Thank you for the help @nivek.
Here is the code for anyone interested:
import io
import json
import torchdata
import soundfile
def to_sampels(data):
a, t = data
return soundfile.read(io.BytesIO(a[1].read())), json.loads(t[1].read().decode('utf-8'))
dp_s3_urls = torchdata.datapipes.iter.IterableWrapper(["s3://m_bucket/"])\
.list_files_by_s3()\
.shuffle()\
.sharding_filter()
datapipe = torchdata.datapipes.iter.S3FileLoader(dp_s3_urls)\
.load_from_tar() \
.batch(2) \
.map(to_sampels)
for i in dp_s3_urls:
print(i)
In this example:
dp_s3_urls
take a s3
directory find all file in the dir, and outputs a shuffled list of s3 directories (e.g. [“s3://m_bucket/0.tar”, “s3://m_bucket/1.tar”, …, “s3://m_bucket/n.tar”]).
datapipe
takes these URLs and loads them into memory, the batch function as mentioned by @nivek combines the (sample, labels)

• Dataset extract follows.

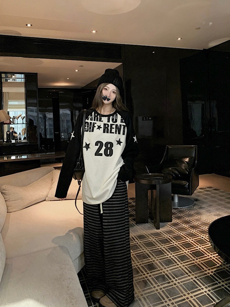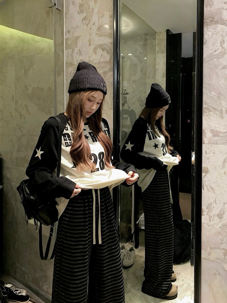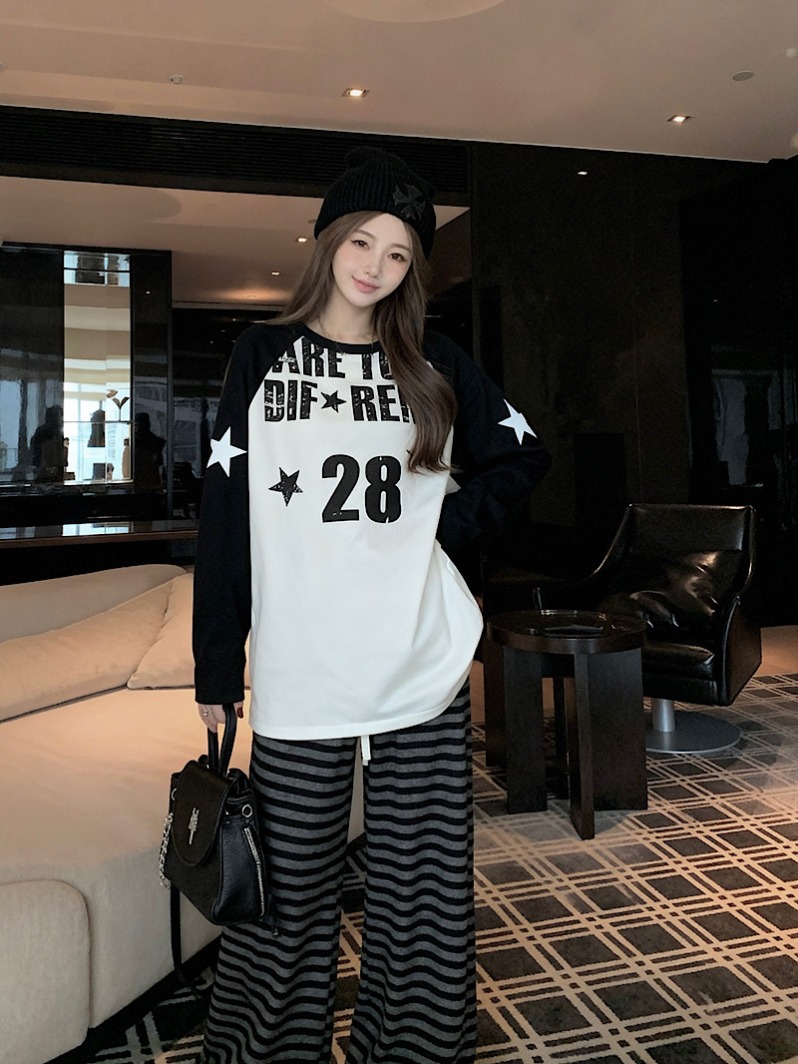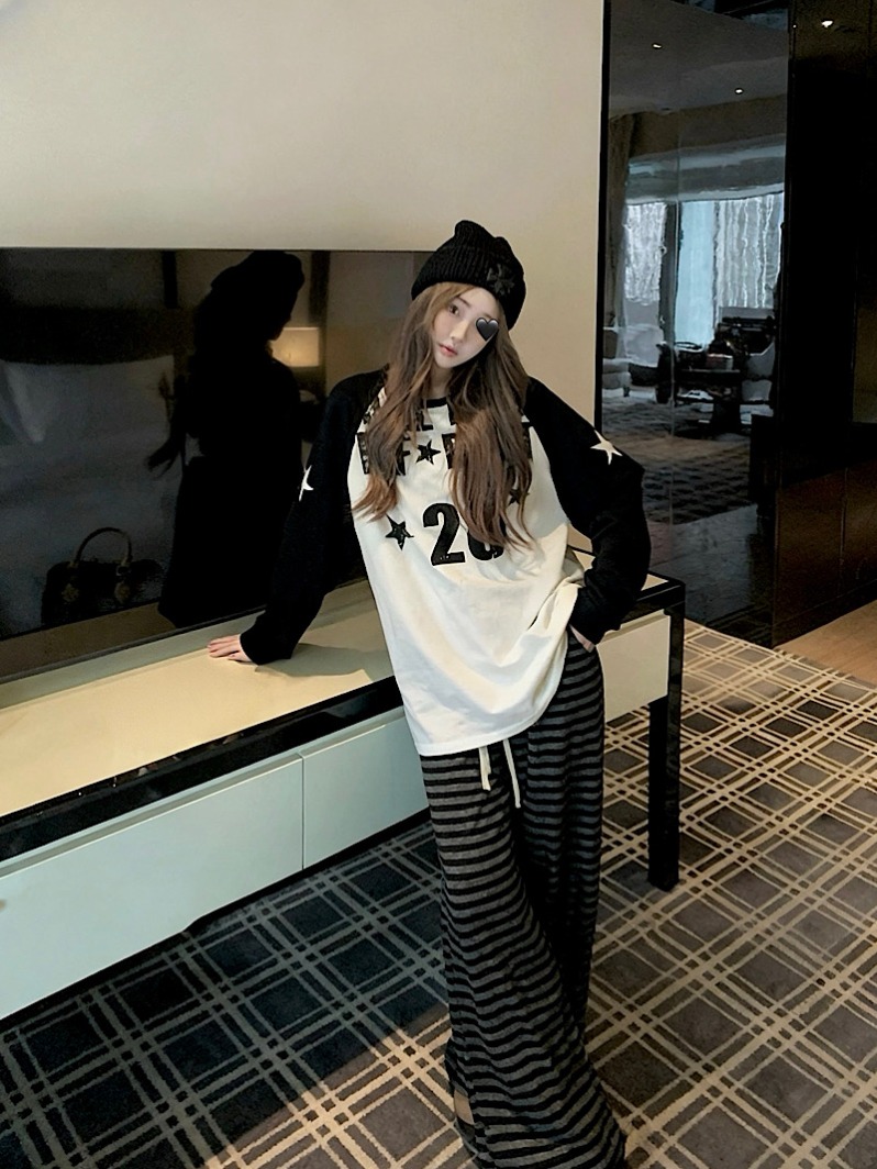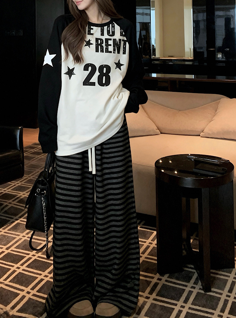 ROCKMORE [Classic Korean] design striped raglan short-sleeved crew neck T-shirt No reviews

. You would also use the following to achieve the same result to group your (sample, labels)
:
datapipe.groupby(lambda x: os.path.basename(x[0]).split(".")[0],group_size=2, guaranteed_group_size=2)
.
to_sample
takes the given streamed data, reads the data and loads the audio using soundfile
. The JSON is loaded as a byte string, so this is decoded using utf-8
and finally loaded via the json
library.
As mentioned in this post, you can get:
ValueError: curlCode: 77, Problem with the SSL CA cert (path? access rights?)

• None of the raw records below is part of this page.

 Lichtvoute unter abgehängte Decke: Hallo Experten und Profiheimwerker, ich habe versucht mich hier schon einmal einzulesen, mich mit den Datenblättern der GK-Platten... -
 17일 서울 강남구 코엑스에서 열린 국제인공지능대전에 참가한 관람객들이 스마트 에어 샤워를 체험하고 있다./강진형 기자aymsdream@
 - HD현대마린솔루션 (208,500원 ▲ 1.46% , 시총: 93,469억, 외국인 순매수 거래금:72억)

This was fixed by chaging from S3FileLoader(...)
to using FSSpecFileLoader
from torch.utils.data import DataLoader
def to_sampels(data):
a, t = data
return soundfile.read(io.BytesIO(a[1].read())), json.loads(t[1].read().decode('utf-8'))

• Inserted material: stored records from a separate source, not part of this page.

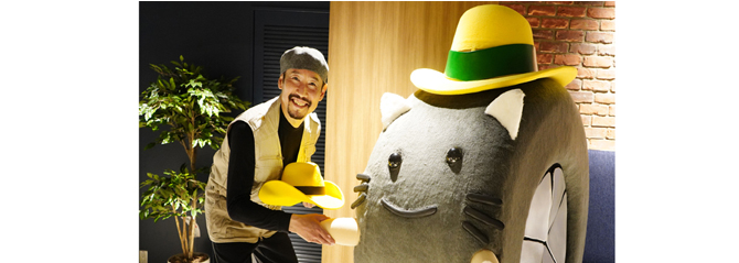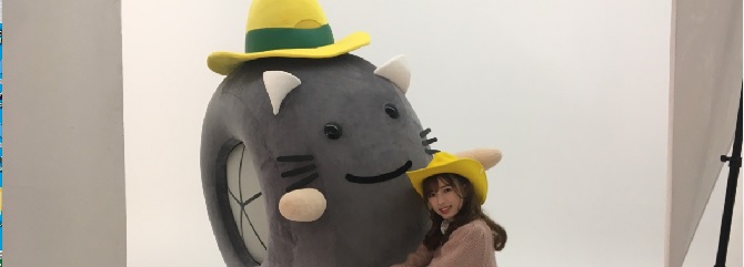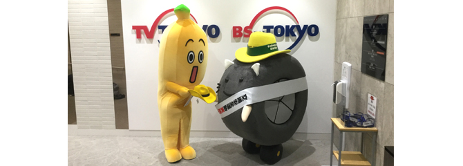 テレビ東京さんを訪問!!人気者で、思ったよりも高身長の「ナナナ」に黄色いテンガロンハットを渡しました♪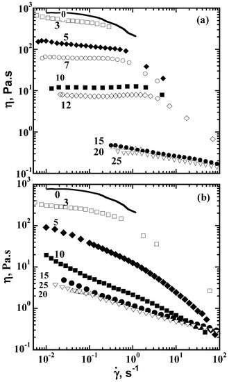 Effects of addition of (a) α-CD and (b) β-CD on the steady shear viscosity of 3% HASE associative polymer solutions. Numbers correspond to the moles of cyclodextrin per moles of hydrophobe. Reproduced from [15] with permission, copyright John Wiley & Sons, 2013.
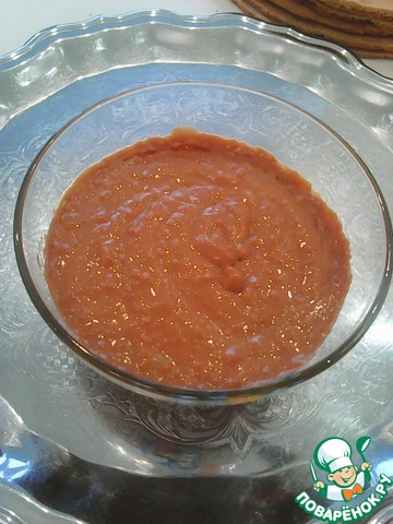 • Готовим коржи. Масло растопить на водяной бане, постепенно добавлять сахар, добавить мёд и топить почти до полного растворения сахара.

datapipe = torchdata.datapipes.iter.IterableWrapper(["s3://m_bucket/"])\
.list_files_by_fsspec()\
.shuffle()\
.sharding_filter()\
.open_files_by_fsspec(mode='rb')\
.load_from_tar() \
.batch(2) \
.map(to_sampels)
dataloader = DataLoader(dapapipe, batch_size=1, num_workers=6)
for i in dataloader:
print(i)